(Description of the task) The copy must hold every line from the one with "根据绿通车免费政策,车辆需单" through the end of the listing, word for word, and must hold no pictures.

(Information provided)
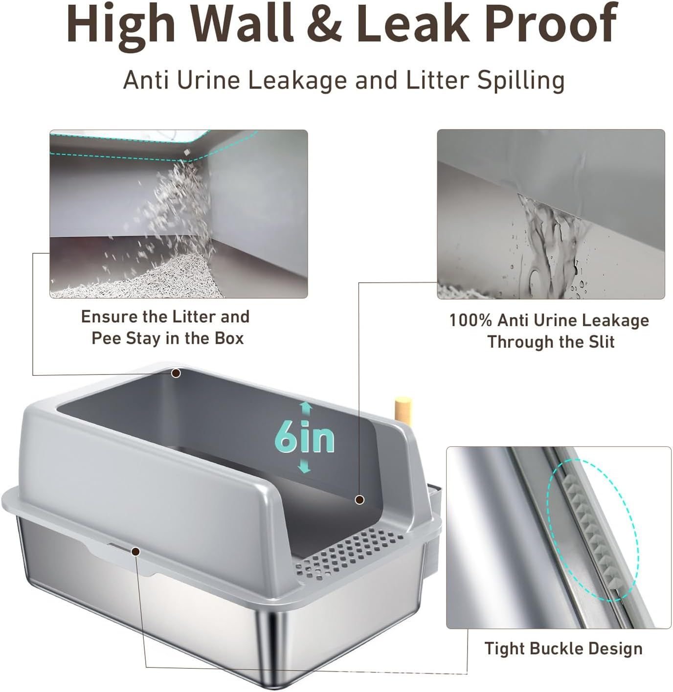 Home > Stainless Steel Cat Litter Box, XXL Extra Large Jumbo Metal Litter Box, with Large Cat Litter Shovel, Anti Leakage Sand Pedal
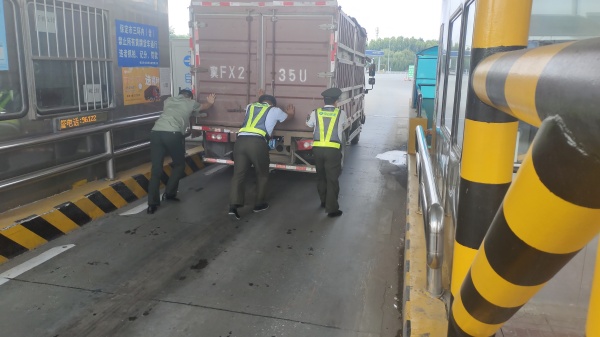 根据绿通车免费政策,车辆需单独称重过磅,严禁硬拖通过。李根党了解情况后,迅速拿起对讲,寻呼绿通检验员李东洋和吴义挪,同时与副驾驶人员沟通,一同帮忙推车。众人齐心协力,喊着口号,车辆缓缓驶向磅台。在大家的努力下,车辆成功驶过磅台。经计算吨位,该车符合绿通车免费标准。随后,众人又一鼓作气,将车推至验货区。此时,大家的脸上和身上早已浸满汗水,衣衫也被汗水湿透,但没人有丝毫怨言。
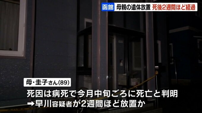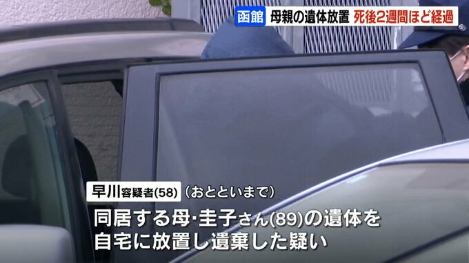早川広容疑者(58)は、函館市桔梗2丁目の自宅に同居する母親の圭子さん(89)の遺体を27日まで放置し、遺棄した疑いで身柄を検察庁に送られました。
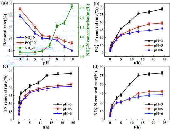 (a) Effect of initial pH on -N, -N, and -P co-removal efficiency; The kinetic effect of different initial pH levels on the removal of (b) -P, (c) TN, and (d) -N.

(Task solution)
 根据绿通车免费政策,车辆需单独称重过磅,严禁硬拖通过。李根党了解情况后,迅速拿起对讲,寻呼绿通检验员李东洋和吴义挪,同时与副驾驶人员沟通,一同帮忙推车。众人齐心协力,喊着口号,车辆缓缓驶向磅台。在大家的努力下,车辆成功驶过磅台。经计算吨位,该车符合绿通车免费标准。随后,众人又一鼓作气,将车推至验货区。此时,大家的脸上和身上早已浸满汗水,衣衫也被汗水湿透,但没人有丝毫怨言。
早川広容疑者(58)は、函館市桔梗2丁目の自宅に同居する母親の圭子さん(89)の遺体を27日まで放置し、遺棄した疑いで身柄を検察庁に送られました。
 (a) Effect of initial pH on -N, -N, and -P co-removal efficiency; The kinetic effect of different initial pH levels on the removal of (b) -P, (c) TN, and (d) -N.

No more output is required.